Problem description: Reproduce word for word, from the entries below, the line with "E passo dopo", the line with "KKmoon 14本セット スクリュードライバビット", and every line between them, and nothing more.
*** Opening of Data for review ***
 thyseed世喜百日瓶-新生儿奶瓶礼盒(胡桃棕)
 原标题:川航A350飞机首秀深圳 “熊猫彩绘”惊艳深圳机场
*** Close of Data for review ***
*** Opening of Data for review ***
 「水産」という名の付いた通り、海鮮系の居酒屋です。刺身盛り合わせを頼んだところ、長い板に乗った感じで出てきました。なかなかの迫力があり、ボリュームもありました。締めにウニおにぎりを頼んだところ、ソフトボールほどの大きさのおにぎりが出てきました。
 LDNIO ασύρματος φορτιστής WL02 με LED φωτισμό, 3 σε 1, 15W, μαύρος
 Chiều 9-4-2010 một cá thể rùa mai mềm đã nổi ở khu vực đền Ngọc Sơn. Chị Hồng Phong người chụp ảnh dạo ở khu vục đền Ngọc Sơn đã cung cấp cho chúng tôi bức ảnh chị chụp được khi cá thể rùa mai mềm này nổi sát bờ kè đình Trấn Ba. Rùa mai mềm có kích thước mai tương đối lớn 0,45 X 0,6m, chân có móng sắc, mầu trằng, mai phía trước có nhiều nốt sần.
*** Close of Data for review ***
*** Opening of Data for review ***
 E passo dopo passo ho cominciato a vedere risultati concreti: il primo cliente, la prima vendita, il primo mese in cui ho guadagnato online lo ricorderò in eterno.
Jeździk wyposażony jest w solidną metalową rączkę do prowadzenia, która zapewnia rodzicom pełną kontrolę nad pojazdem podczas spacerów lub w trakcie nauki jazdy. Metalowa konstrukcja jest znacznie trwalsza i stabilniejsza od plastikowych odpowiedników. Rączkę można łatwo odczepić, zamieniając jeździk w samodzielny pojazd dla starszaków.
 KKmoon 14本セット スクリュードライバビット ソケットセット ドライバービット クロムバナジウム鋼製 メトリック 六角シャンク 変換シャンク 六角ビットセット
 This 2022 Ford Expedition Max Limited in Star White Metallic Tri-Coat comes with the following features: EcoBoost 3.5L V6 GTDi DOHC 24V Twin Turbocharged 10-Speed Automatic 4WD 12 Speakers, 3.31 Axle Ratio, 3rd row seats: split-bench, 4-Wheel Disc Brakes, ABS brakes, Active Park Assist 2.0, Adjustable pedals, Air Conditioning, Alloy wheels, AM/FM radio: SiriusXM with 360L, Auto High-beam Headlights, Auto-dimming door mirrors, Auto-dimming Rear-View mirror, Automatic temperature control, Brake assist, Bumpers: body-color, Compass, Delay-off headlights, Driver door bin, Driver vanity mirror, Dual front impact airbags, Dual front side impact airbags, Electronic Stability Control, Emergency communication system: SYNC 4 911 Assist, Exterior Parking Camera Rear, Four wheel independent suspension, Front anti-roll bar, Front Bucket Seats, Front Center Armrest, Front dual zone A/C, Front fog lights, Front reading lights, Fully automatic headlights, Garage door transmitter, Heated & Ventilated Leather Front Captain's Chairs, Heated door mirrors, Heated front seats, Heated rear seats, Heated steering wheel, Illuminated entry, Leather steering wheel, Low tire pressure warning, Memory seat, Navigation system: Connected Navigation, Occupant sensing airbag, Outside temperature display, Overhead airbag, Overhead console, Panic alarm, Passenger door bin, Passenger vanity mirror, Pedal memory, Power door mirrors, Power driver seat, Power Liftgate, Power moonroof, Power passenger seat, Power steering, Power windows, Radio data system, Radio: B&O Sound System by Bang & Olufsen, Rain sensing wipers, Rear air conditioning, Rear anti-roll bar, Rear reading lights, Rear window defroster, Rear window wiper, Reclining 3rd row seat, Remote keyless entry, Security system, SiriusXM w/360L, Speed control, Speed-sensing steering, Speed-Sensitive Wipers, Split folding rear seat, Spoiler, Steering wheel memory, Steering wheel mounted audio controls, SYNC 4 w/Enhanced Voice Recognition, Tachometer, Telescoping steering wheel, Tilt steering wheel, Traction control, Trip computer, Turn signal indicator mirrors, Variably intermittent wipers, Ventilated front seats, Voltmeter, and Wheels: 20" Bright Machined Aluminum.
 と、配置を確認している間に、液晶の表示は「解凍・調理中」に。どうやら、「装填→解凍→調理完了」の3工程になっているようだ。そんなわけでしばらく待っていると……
*** Close of Data for review ***
Output of the exercise:
 E passo dopo passo ho cominciato a vedere risultati concreti: il primo cliente, la prima vendita, il primo mese in cui ho guadagnato online lo ricorderò in eterno.
Jeździk wyposażony jest w solidną metalową rączkę do prowadzenia, która zapewnia rodzicom pełną kontrolę nad pojazdem podczas spacerów lub w trakcie nauki jazdy. Metalowa konstrukcja jest znacznie trwalsza i stabilniejsza od plastikowych odpowiedników. Rączkę można łatwo odczepić, zamieniając jeździk w samodzielny pojazd dla starszaków.
 KKmoon 14本セット スクリュードライバビット ソケットセット ドライバービット クロムバナジウム鋼製 メトリック 六角シャンク 変換シャンク 六角ビットセット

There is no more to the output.